実際の審議はまるで流れ作業のように、一組一組が入れ替わり立ち代りコート(裁判)にたち、ある者は自分自身で意見陳述し、ある者は弁護士がそれをやる。
その場にいる人たちはなんだかTシャツにジーパンとか、ビーサン履きの人とか、あんたら本当に裁判しに来とるんかい、と突っ込みを入れたくなるほどお気楽な格好である(もちろん弁護士先生たちはびしっとスーツを着ていたが)。
ある女性など、つい最近ジェイルからでてきたばっかだ、とジャッジ(判事)に堂々と言いのけていた(彼女はまるでホームレスのような出で立ちであった...)。
日本でも裁判を見に行ったことはあったけど、こんなお気楽な服装でコートに立つ人たちはさすがに見たことなかったけど...。まあ、これも裁判大国アメリカならではなのであろうか...。
ちなみに、元亭主のDもTシャツにジーパンでした。Neverbなんて滅多に着ないドレスパンツにブラウス姿だったちゅーのに。
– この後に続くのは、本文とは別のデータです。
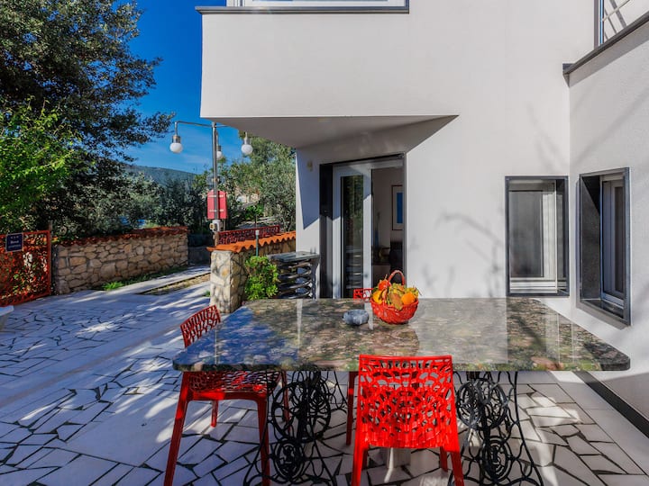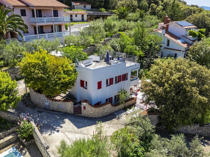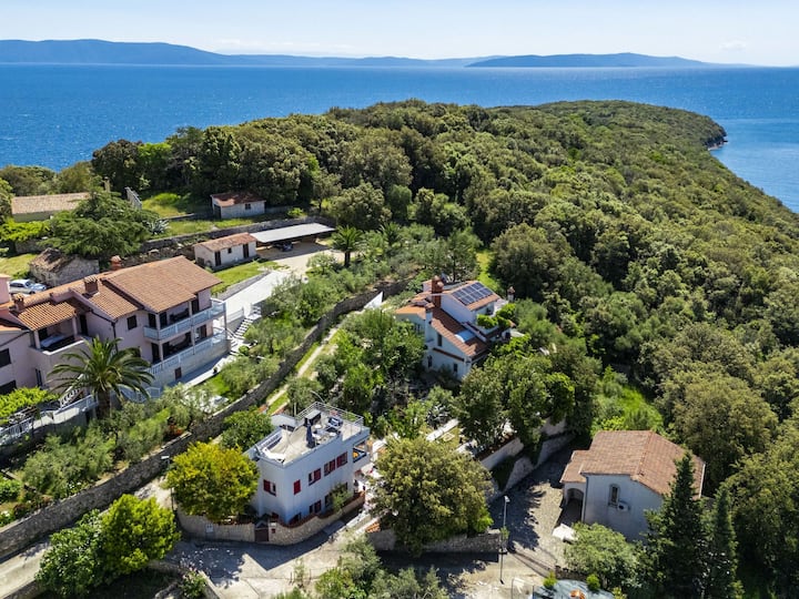 Prtlog (Duga Luka) už 5 km nuo Labino: 2 šeimų namas „Villa Dragica“, 2 aukštų. Saulėtoje vietoje ant šlaito, 80 m iki jūros, 80 m iki paplūdimio, kaime. Privatu: nuosavybė 30 m2 (aptverta) su laukinės gamtos sodu. Lauko dušas, terasa (15 m2), sodo baldai. Namuose: interneto prieiga, stogo terasa, skalbimo mašina. Automobilių stovėjimo aikštelė (2 automobiliams) prie namo teritorijoje. Parduotuvė 5 km, prekybos centras 7 km, restoranas 5 km, autobusų stotelė 5,4 km, akmenuotas paplūdimys 800 m, uolėtas paplūdimys 80 m. Atkreipkite dėmesį: oro uostas už 45 km. 150 žingsnių iki uolėto paplūdimio.
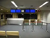 | The bounded space, inside the airport terminal, where passengers wait before boarding their flight |
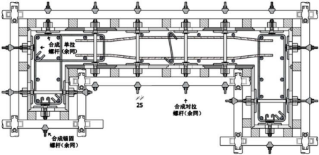 用“單邊拉結(jié)”同樣能起“連接”作用(見圖左、右兩上角),使“小規(guī)格”得以很好拼模。圖中還展示了“擴(kuò)展型穿螺桿孔”螺桿可向“孔”中心側(cè)移(最大25mm)能避開直徑30mm之內(nèi)的所有豎向鋼筋。另外,墻板陰角模板尺寸較小時(一般陰板的設(shè)置不小于30cm、中板不小于25cm)。
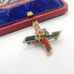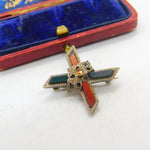 Victorian Scottish Sterling Silver, Agate & Bloodstone Cross Brooch c1860 Antique
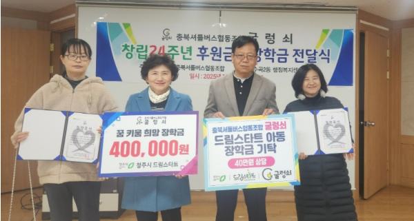 충북셔틀버스협동조합 굴렁쇠는 지난 8일 청주시 드림스타트 아동에게 장학금을 기탁했다.
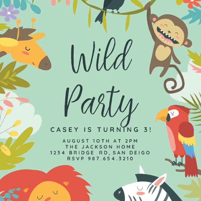 Go wild with this cute jungle themed party invitations. Personalize it with photos & text or purchase as is! These themes work for everything from a cute first birthday to an Personalize it with photos & text or purchase as is! Add maps, gift registries, calendar links & much more. The best jungle birthday invitation might be the one you create yourself. See more ideas about jungle invitations, invitations, birthday invitations. See more ideas about jungle birthday party, birthday party invitations, jungle birthday. Safari gold 1st birthday invitation boy with photo, editable template, jungle party any age birthday invite, safari animals theme pm003. Choose 'send online' & create your event. 50% off with code zcreatetoday. Hosting an adventurous jungle theme birthday party? Invite guests via email, text messages & facebook.
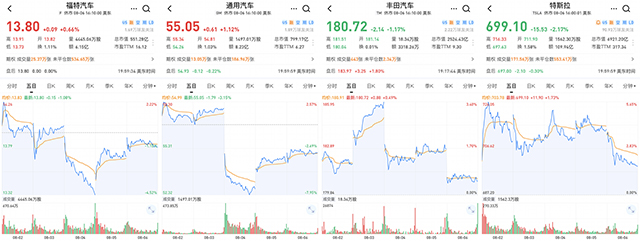 具体到个股,福特汽车周跌1.08%,收于13.80美元,市值551美元;通用汽车周跌3.15%,收于55.05美元,市值799亿美元;丰田汽车周涨0.49%,收于180.72美元,市值2524美元,8月3日丰田盘中创出了186美元的新高;特斯拉周涨1.37%,收于699美元,市值6921亿美元。

他人の裁判は、アメリカによくある類のコートショウ(実際の裁判をテレビで放送している番組。結構くだらない内容で他人を訴えていたりして馬鹿馬鹿しいがアメリカ人ってこんなもんだよな、と妙に納得するテレビショー)を生で見ているようで結構面白かった。どのケースも離婚または子供の親権問題でもめている(家庭裁判所だから当たり前か)。


むむむ、これはなかなか面白いぞ、生コートTVを楽しんでいたのもつかの間、ジャッジ(判事)がワタシとRの名前を呼んだ。急にわれに帰ったワタシは、やっぱりメチャクチャ緊張してジャッジの前に立った。


まずジャッジはDに奴が調停に出席しなかった理由についてたずねた。

D「調停の当日の朝、出かけようとしたら車が壊れていることに気がつきました。しょうがないのでタクシーで裁判所まで来たのですが、僕がついたときには彼女(Neverbのことね)はすでに立ち去った後でした。」

ジャッジ「わかりました。判決を下す前には調停を行う必要があることはわかっていますね。では、今日もう一度調停員のオフィスに出向いて、調停の予約を取ってください。その後、○月○日にもう一度コートに出廷するように。」


・・・・おいおい、ちょっと待て。それだけかい。こらおっさん、ワタシには何一つしゃべらせずに終わるつもりかい。


Neverb「判事。ちょっとだけよろしいでしょうか。」


ジャッジ「何でしょうか。」


Neverb「この男性、D氏はワタシに対して単なる嫌がらせをしようとしているだけです。離婚の裁判のときも、書類をファイルすることすらせず、調停はおろか一度たりとも裁判所に現れなかったような人物です。ワタシはLAからこの日のために仕事を休み、息子も学校を休み2時間の道のりをかけてやってきました。だけどなんの成果もなく、また最低二回、LAからSDまでやってこなくてはならないのです。」


D「判事、彼女はいつもこうやって僕のことを悪者に見せようと...」


ジャッジ「そういったことは調停員と話し合いをするように。では次のケースに。」


そうして我々はコートから出され、裁判所の職員に渡された再調停に関するメモをDが受け取り、調停員のいるオフィスへと向かわされた。


Dはスタスタとワタシとコニーのずっと前を歩いていた。


そのときのワタシはムカついてムカついて、頭から湯気が出ていたのではないだろうか。我々のジャッジは辛抱強いほうではないとは聞いていたが(弁護士情報による)、あんなにわからんチンだとは思わなかった。
てか、どーしてあのドアホウ(D)の言い訳を信用するか??Dのアパートは裁判所から歩いて20分かからないところにあったのだ。車が壊れていたなら歩いてこんかい。調停のあった日、指定された時間は午前10:00で、ワタシが調停員のオフィスを後にしたのは11時をとっくに回っていた。どんなに遅れても11:00までには間に合うはずである。間に合わないにしても、来る気があるんなら調停員のオフィスまで電話の一本くらいできたってもんだ。あのへタレはただ単に嫌がらせをしたいだけなのだ。調停の重要さなんて何もわかっていない、単なるNeverbのHaterなのだ。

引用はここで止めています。